Your goal:
No pictures go into the copy. Write out every line below exactly.

Supplied material:
BEGIN

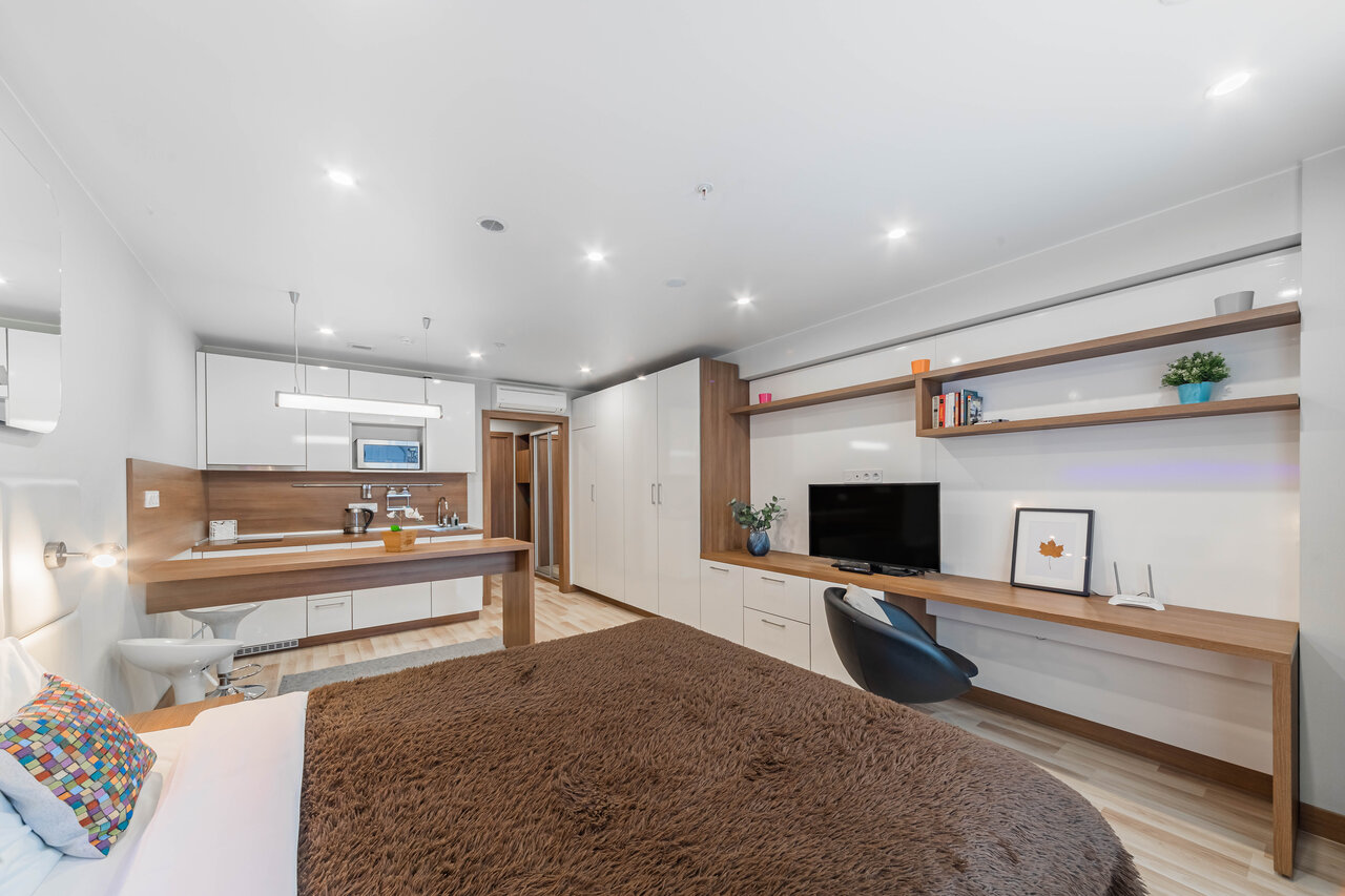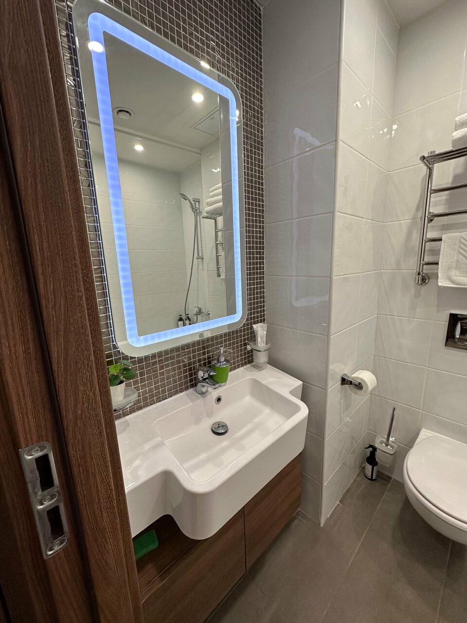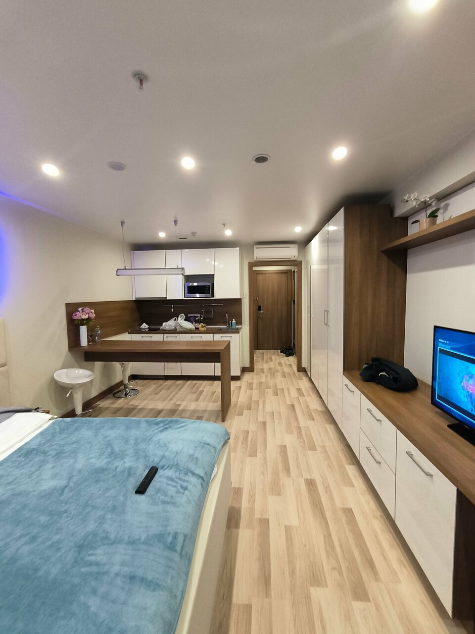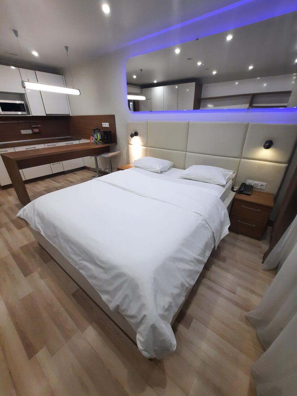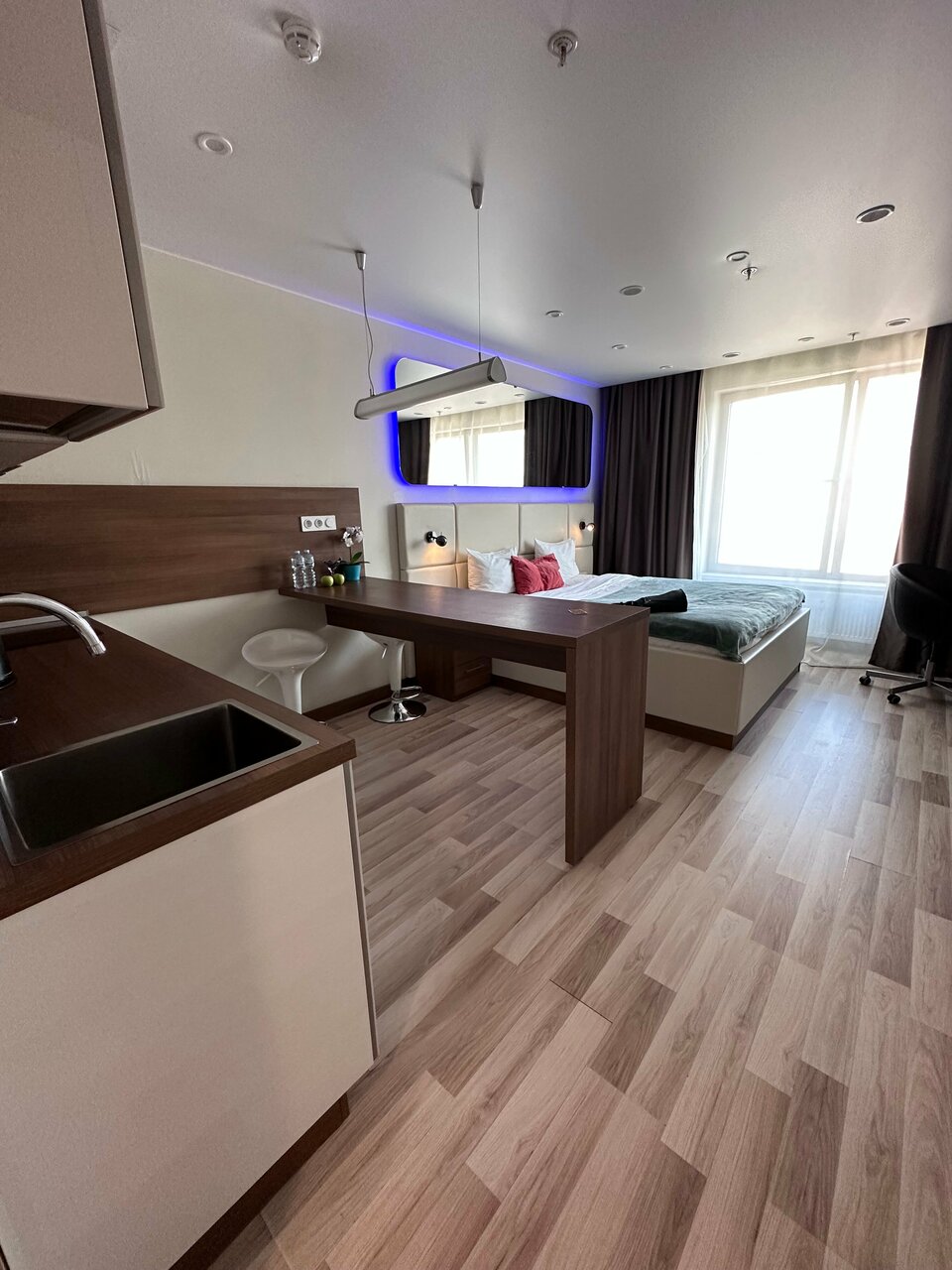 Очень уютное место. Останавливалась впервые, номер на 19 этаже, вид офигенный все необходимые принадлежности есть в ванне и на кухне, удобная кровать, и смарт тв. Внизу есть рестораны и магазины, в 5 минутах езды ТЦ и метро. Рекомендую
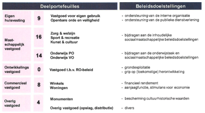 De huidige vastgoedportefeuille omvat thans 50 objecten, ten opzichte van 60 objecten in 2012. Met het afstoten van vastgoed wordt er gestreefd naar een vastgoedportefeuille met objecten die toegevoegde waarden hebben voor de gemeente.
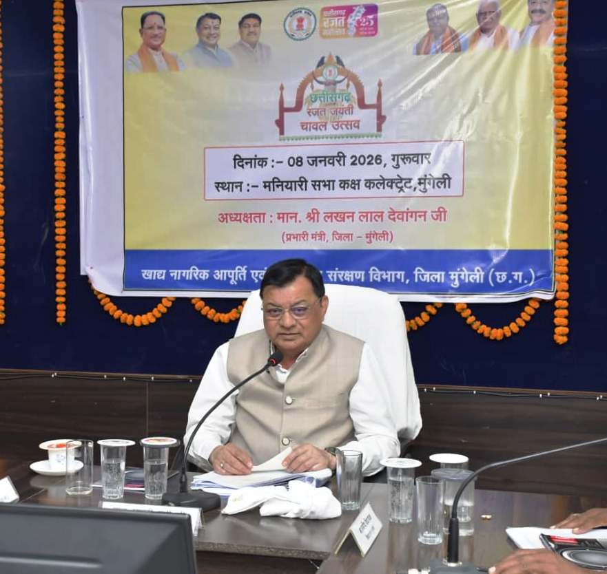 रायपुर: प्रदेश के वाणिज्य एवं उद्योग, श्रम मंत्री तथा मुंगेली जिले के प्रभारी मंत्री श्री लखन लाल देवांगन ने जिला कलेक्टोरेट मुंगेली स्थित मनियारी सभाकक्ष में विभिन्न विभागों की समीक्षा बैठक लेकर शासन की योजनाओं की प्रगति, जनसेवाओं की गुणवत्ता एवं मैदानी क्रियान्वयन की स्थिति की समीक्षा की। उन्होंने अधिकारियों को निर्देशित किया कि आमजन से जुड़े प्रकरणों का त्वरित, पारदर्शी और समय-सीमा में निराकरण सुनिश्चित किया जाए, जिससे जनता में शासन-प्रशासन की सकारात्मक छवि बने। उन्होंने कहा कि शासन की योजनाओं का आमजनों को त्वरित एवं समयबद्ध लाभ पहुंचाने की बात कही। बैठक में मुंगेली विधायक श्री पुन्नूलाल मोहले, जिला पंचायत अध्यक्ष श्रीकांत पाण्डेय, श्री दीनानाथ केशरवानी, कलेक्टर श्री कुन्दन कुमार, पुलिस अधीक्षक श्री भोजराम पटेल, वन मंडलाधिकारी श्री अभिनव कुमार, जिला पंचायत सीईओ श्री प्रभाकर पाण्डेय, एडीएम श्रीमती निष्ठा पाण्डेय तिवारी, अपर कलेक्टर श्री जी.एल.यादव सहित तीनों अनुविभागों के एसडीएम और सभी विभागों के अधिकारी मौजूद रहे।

END

Answer box:
 Очень уютное место. Останавливалась впервые, номер на 19 этаже, вид офигенный все необходимые принадлежности есть в ванне и на кухне, удобная кровать, и смарт тв. Внизу есть рестораны и магазины, в 5 минутах езды ТЦ и метро. Рекомендую
 De huidige vastgoedportefeuille omvat thans 50 objecten, ten opzichte van 60 objecten in 2012. Met het afstoten van vastgoed wordt er gestreefd naar een vastgoedportefeuille met objecten die toegevoegde waarden hebben voor de gemeente.
 रायपुर: प्रदेश के वाणिज्य एवं उद्योग, श्रम मंत्री तथा मुंगेली जिले के प्रभारी मंत्री श्री लखन लाल देवांगन ने जिला कलेक्टोरेट मुंगेली स्थित मनियारी सभाकक्ष में विभिन्न विभागों की समीक्षा बैठक लेकर शासन की योजनाओं की प्रगति, जनसेवाओं की गुणवत्ता एवं मैदानी क्रियान्वयन की स्थिति की समीक्षा की। उन्होंने अधिकारियों को निर्देशित किया कि आमजन से जुड़े प्रकरणों का त्वरित, पारदर्शी और समय-सीमा में निराकरण सुनिश्चित किया जाए, जिससे जनता में शासन-प्रशासन की सकारात्मक छवि बने। उन्होंने कहा कि शासन की योजनाओं का आमजनों को त्वरित एवं समयबद्ध लाभ पहुंचाने की बात कही। बैठक में मुंगेली विधायक श्री पुन्नूलाल मोहले, जिला पंचायत अध्यक्ष श्रीकांत पाण्डेय, श्री दीनानाथ केशरवानी, कलेक्टर श्री कुन्दन कुमार, पुलिस अधीक्षक श्री भोजराम पटेल, वन मंडलाधिकारी श्री अभिनव कुमार, जिला पंचायत सीईओ श्री प्रभाकर पाण्डेय, एडीएम श्रीमती निष्ठा पाण्डेय तिवारी, अपर कलेक्टर श्री जी.एल.यादव सहित तीनों अनुविभागों के एसडीएम और सभी विभागों के अधिकारी मौजूद रहे।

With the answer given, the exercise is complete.